#### Records shown

▶

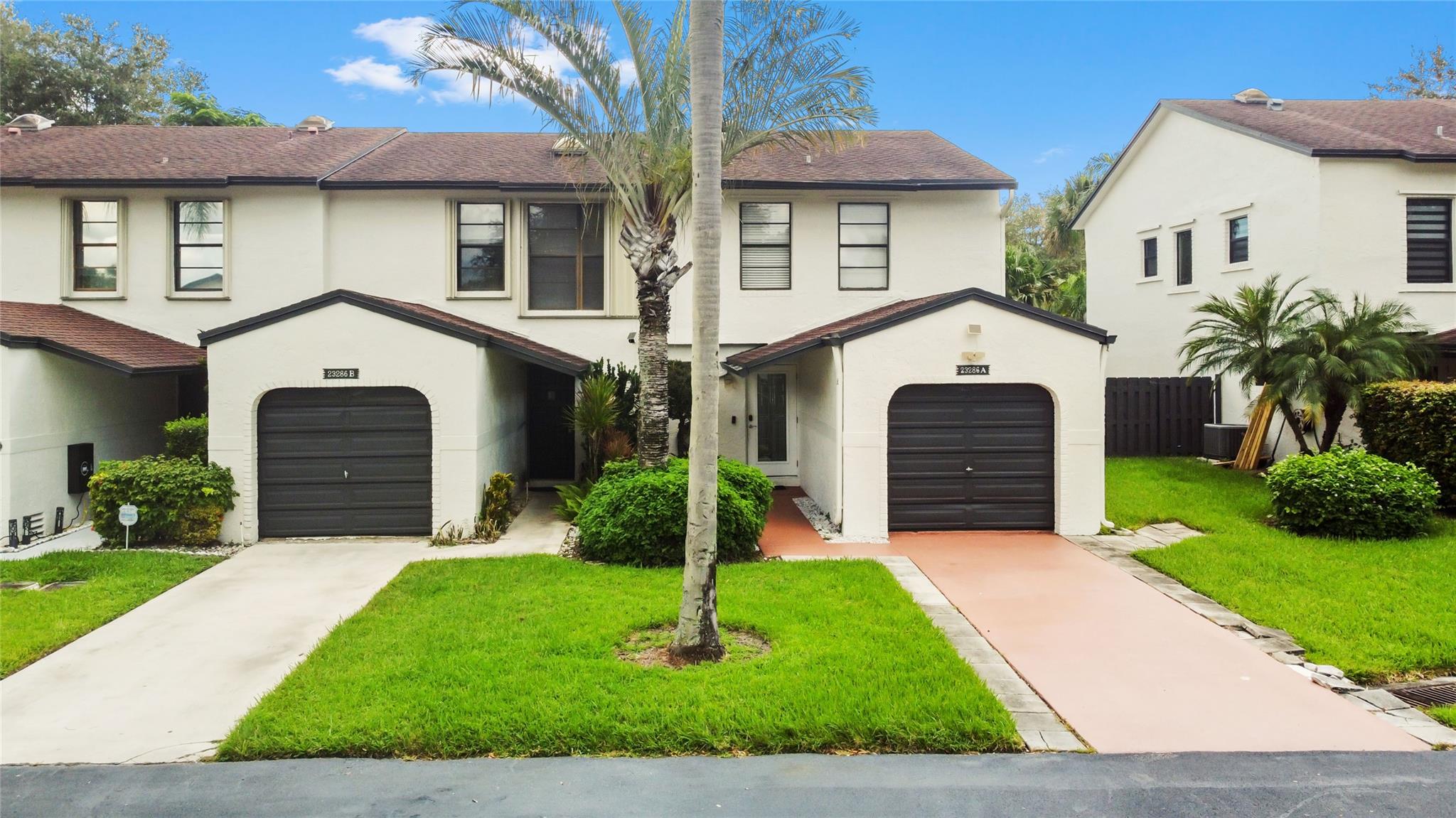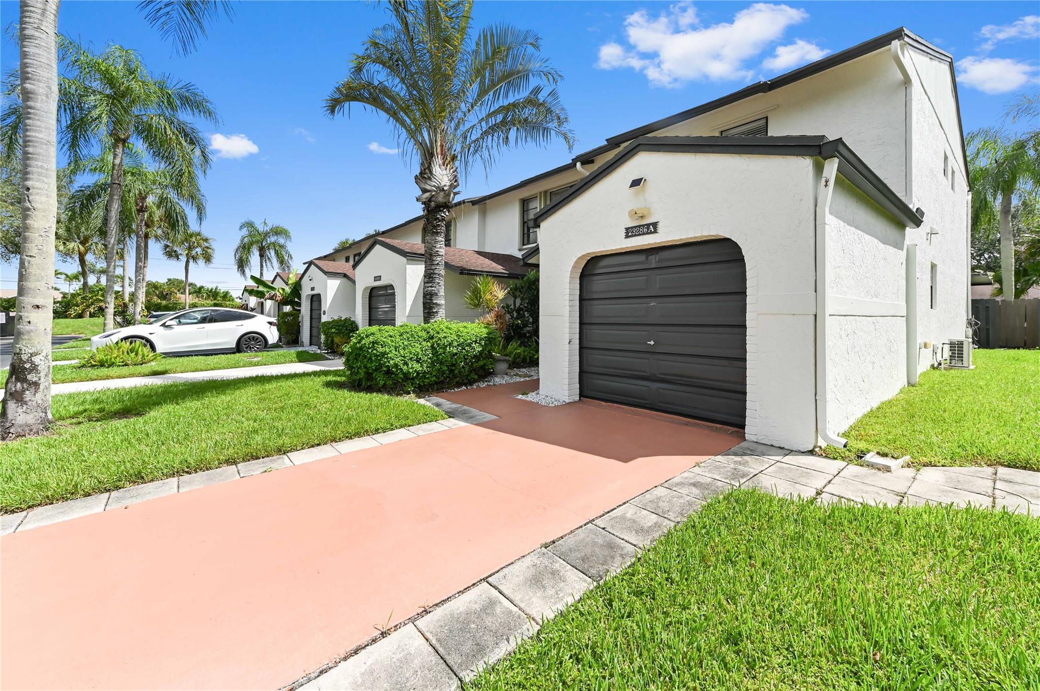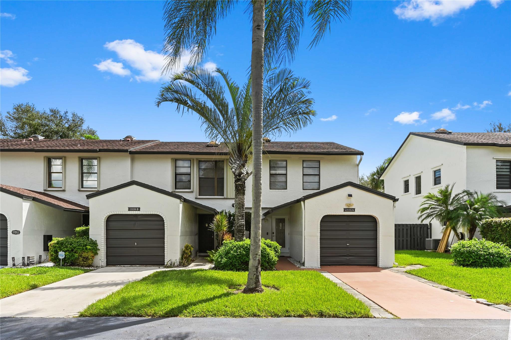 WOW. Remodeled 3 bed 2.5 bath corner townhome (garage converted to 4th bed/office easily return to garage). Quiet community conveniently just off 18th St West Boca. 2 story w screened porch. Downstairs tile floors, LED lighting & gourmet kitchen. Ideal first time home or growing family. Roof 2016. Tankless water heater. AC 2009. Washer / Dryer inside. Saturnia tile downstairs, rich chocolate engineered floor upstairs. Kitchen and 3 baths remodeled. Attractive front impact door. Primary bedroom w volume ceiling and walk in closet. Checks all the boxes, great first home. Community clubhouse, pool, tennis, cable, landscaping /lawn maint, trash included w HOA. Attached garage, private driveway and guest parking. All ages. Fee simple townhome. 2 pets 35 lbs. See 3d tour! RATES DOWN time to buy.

◀
▶

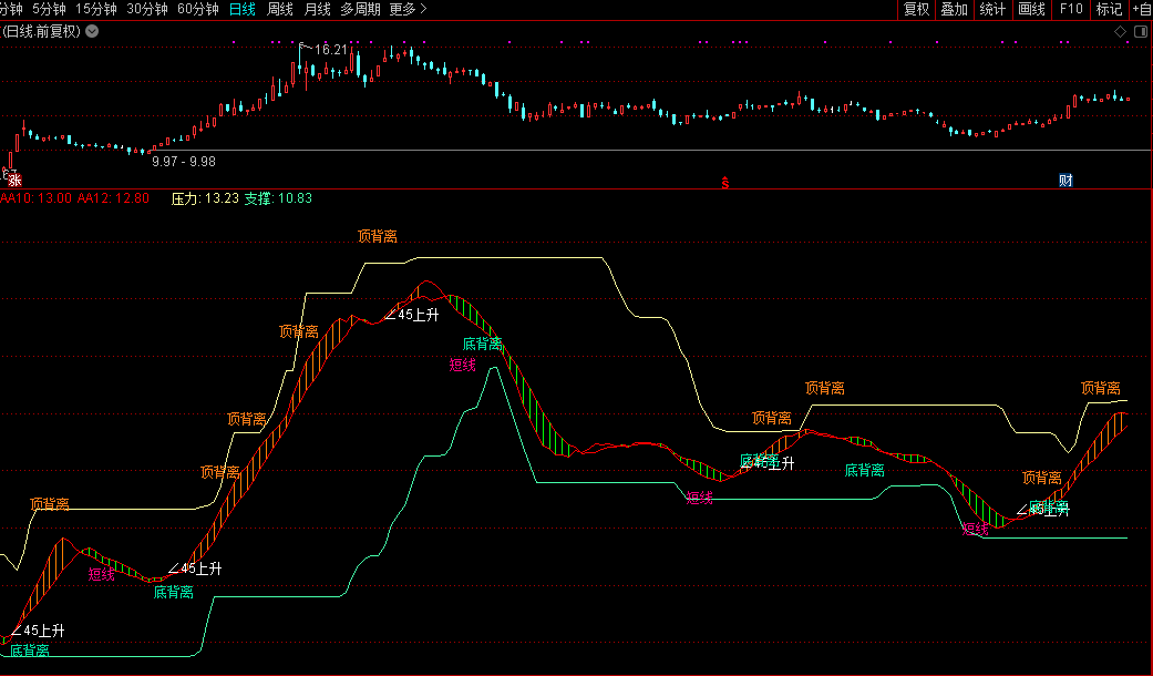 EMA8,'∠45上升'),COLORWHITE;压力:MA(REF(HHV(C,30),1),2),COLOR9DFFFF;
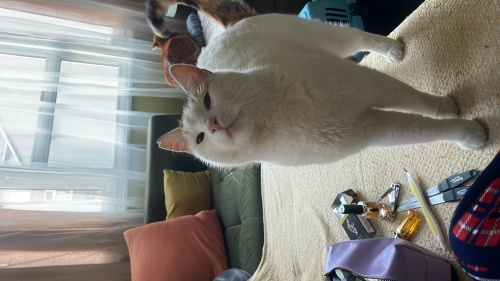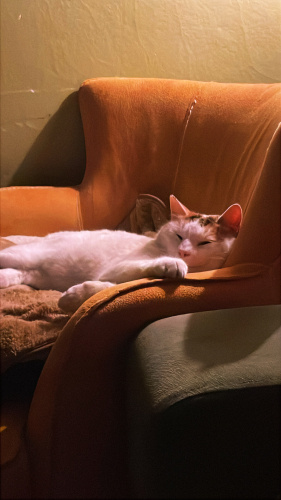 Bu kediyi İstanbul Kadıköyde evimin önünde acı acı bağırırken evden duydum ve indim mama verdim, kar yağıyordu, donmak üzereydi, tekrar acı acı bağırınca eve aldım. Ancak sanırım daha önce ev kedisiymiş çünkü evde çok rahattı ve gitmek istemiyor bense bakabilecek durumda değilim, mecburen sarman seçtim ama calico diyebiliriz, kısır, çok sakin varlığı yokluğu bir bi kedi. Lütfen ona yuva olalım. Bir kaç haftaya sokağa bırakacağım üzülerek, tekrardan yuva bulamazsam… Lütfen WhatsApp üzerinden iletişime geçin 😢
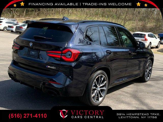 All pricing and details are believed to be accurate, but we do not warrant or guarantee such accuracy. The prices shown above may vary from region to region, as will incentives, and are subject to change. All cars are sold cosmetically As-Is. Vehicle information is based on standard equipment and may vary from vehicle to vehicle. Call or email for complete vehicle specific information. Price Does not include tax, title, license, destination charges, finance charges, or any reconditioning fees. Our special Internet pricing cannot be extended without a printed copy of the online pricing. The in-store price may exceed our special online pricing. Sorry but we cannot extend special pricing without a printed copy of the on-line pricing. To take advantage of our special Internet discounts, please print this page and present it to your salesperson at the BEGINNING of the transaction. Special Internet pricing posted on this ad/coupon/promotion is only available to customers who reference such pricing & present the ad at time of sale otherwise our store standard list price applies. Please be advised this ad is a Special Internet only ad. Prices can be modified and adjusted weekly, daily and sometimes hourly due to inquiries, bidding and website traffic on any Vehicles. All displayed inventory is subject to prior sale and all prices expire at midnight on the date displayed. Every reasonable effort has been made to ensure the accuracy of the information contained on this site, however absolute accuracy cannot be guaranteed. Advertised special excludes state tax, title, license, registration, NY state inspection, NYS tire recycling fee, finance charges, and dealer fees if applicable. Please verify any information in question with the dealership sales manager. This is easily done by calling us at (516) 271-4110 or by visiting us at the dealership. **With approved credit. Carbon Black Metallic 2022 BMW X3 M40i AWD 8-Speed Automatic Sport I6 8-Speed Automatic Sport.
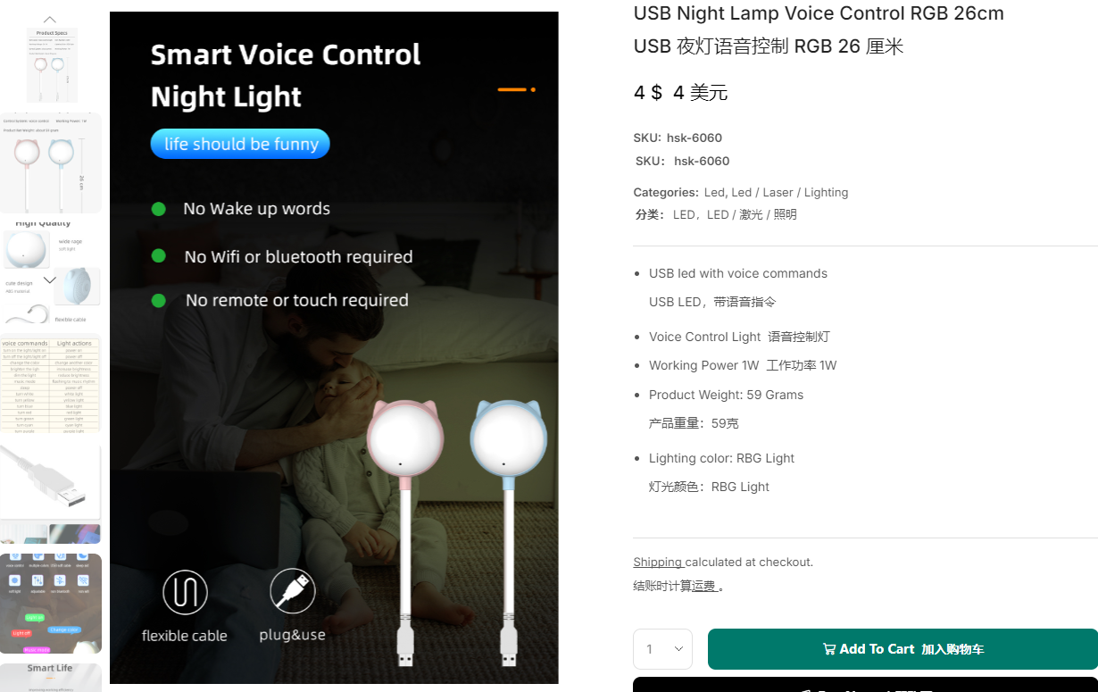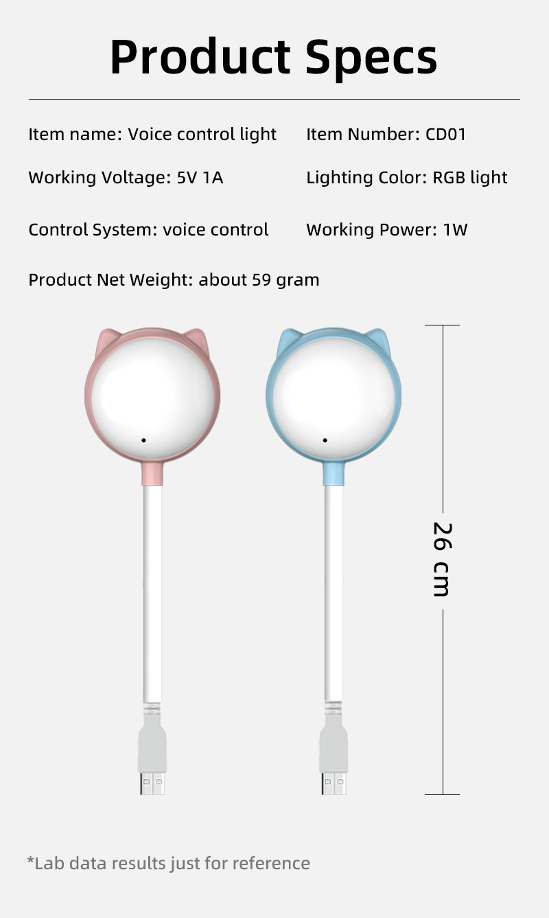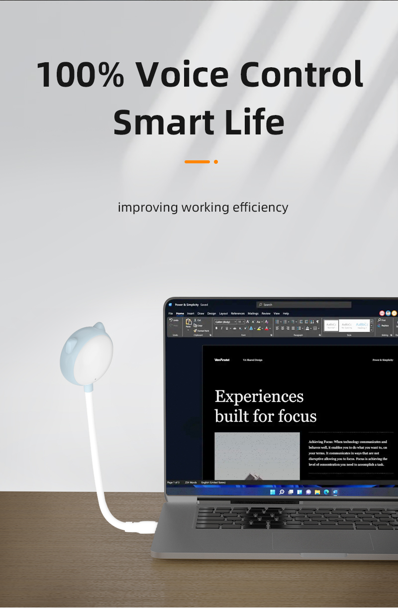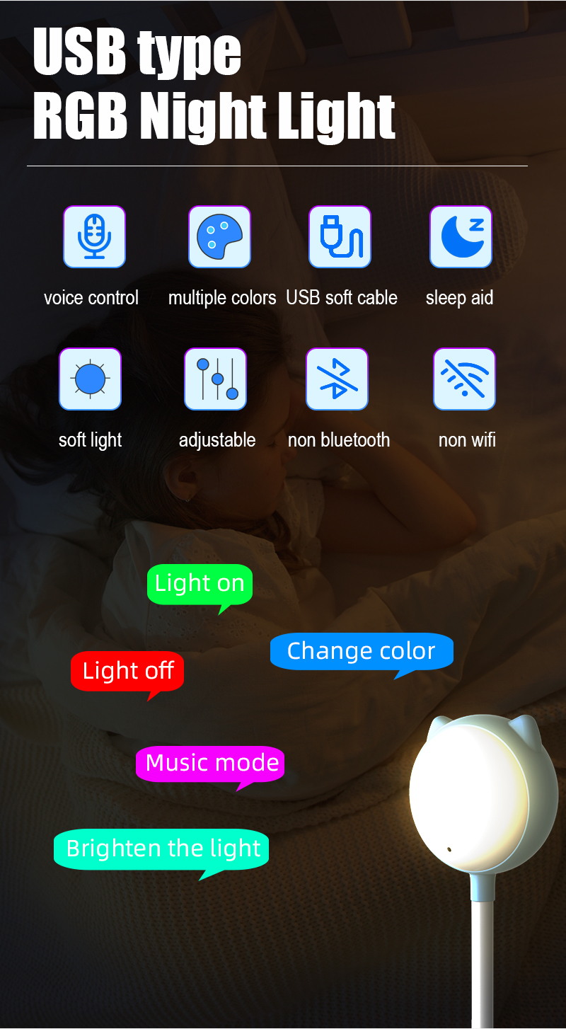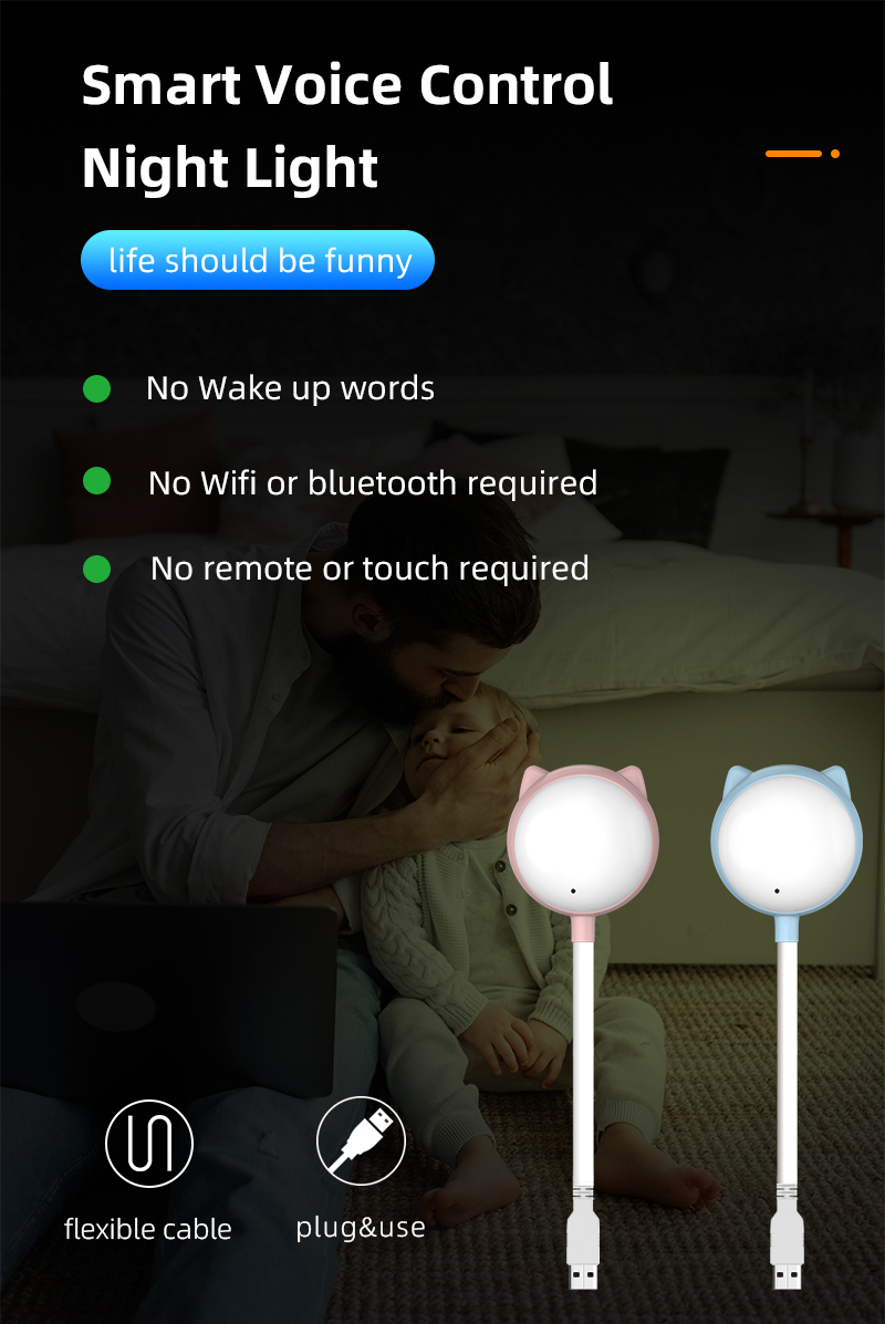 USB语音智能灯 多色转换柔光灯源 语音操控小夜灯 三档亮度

◀

#### Exercise objective
Given the entries above, transcribe exactly the lines from the one holding "All pricing and" through the one holding "USB语音智能灯 多色转换柔光灯源 语音操控小夜灯 三档亮度"; pictures do not belong in the transcription.

#### Task response
 All pricing and details are believed to be accurate, but we do not warrant or guarantee such accuracy. The prices shown above may vary from region to region, as will incentives, and are subject to change. All cars are sold cosmetically As-Is. Vehicle information is based on standard equipment and may vary from vehicle to vehicle. Call or email for complete vehicle specific information. Price Does not include tax, title, license, destination charges, finance charges, or any reconditioning fees. Our special Internet pricing cannot be extended without a printed copy of the online pricing. The in-store price may exceed our special online pricing. Sorry but we cannot extend special pricing without a printed copy of the on-line pricing. To take advantage of our special Internet discounts, please print this page and present it to your salesperson at the BEGINNING of the transaction. Special Internet pricing posted on this ad/coupon/promotion is only available to customers who reference such pricing & present the ad at time of sale otherwise our store standard list price applies. Please be advised this ad is a Special Internet only ad. Prices can be modified and adjusted weekly, daily and sometimes hourly due to inquiries, bidding and website traffic on any Vehicles. All displayed inventory is subject to prior sale and all prices expire at midnight on the date displayed. Every reasonable effort has been made to ensure the accuracy of the information contained on this site, however absolute accuracy cannot be guaranteed. Advertised special excludes state tax, title, license, registration, NY state inspection, NYS tire recycling fee, finance charges, and dealer fees if applicable. Please verify any information in question with the dealership sales manager. This is easily done by calling us at (516) 271-4110 or by visiting us at the dealership. **With approved credit. Carbon Black Metallic 2022 BMW X3 M40i AWD 8-Speed Automatic Sport I6 8-Speed Automatic Sport.
 USB语音智能灯 多色转换柔光灯源 语音操控小夜灯 三档亮度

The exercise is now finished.